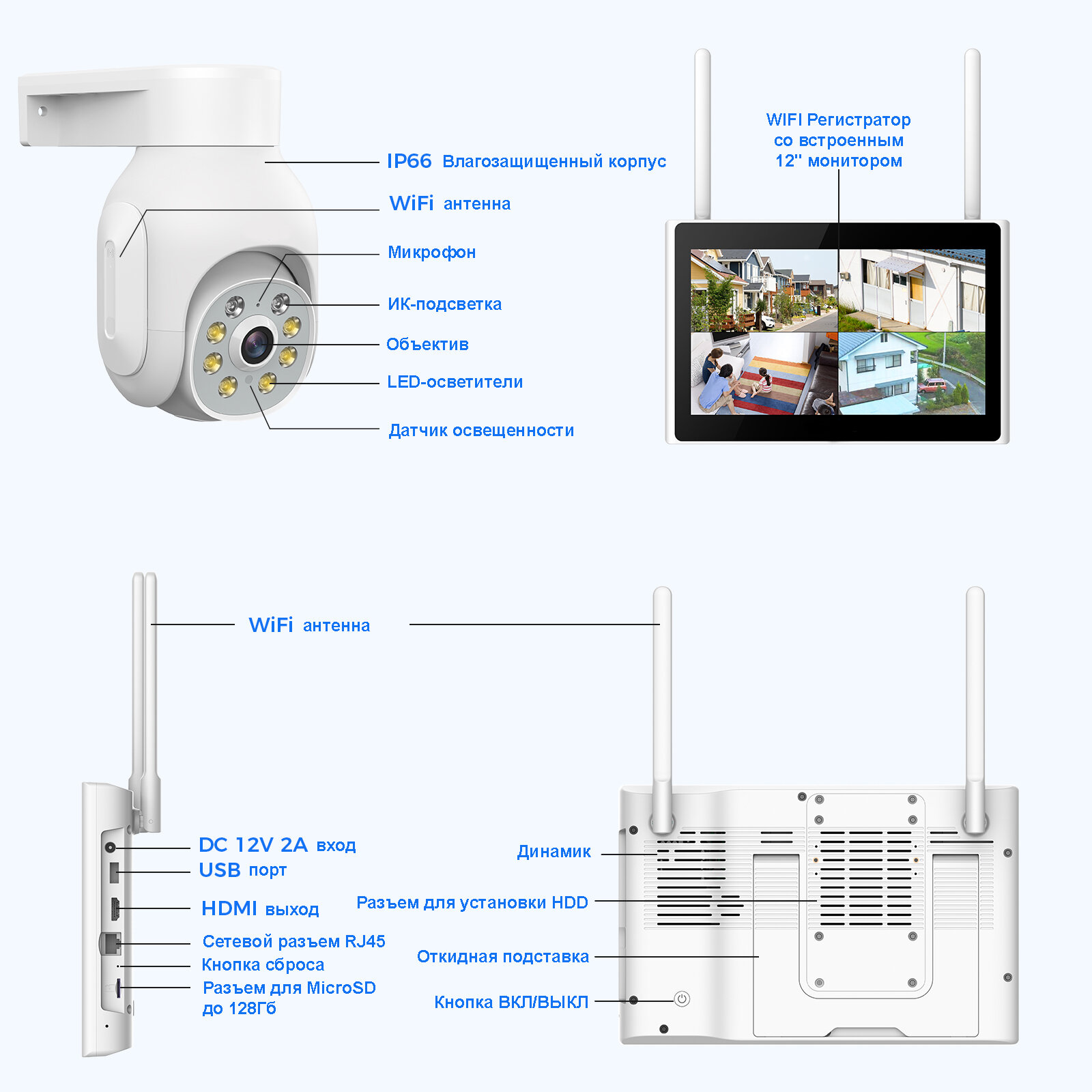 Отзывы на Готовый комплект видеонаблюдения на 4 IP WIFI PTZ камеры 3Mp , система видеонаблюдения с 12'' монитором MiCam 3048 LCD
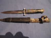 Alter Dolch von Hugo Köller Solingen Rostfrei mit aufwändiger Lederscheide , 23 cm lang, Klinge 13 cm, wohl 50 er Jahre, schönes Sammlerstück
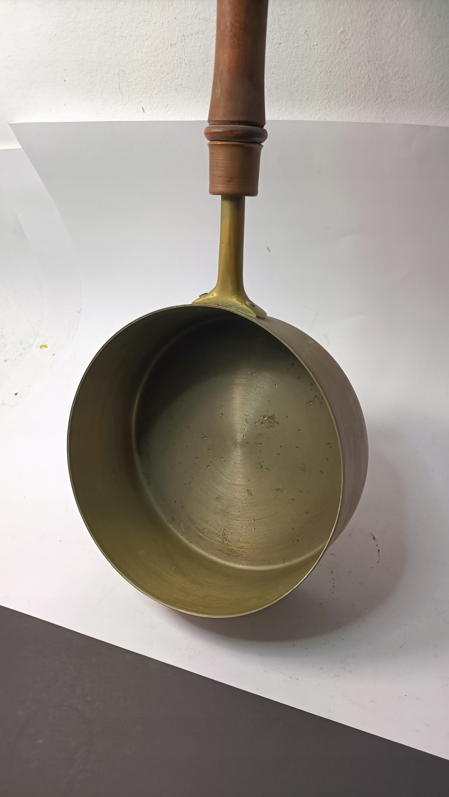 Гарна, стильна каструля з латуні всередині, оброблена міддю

### PROBLEM TO WORK ON
Verbatim output, no pictures: the line holding "Alter Dolch von" and all lines after it through the last line of the material, with nothing else.

### RESPONSE FOR THIS EXERCISE
 Alter Dolch von Hugo Köller Solingen Rostfrei mit aufwändiger Lederscheide , 23 cm lang, Klinge 13 cm, wohl 50 er Jahre, schönes Sammlerstück
 Гарна, стильна каструля з латуні всередині, оброблена міддю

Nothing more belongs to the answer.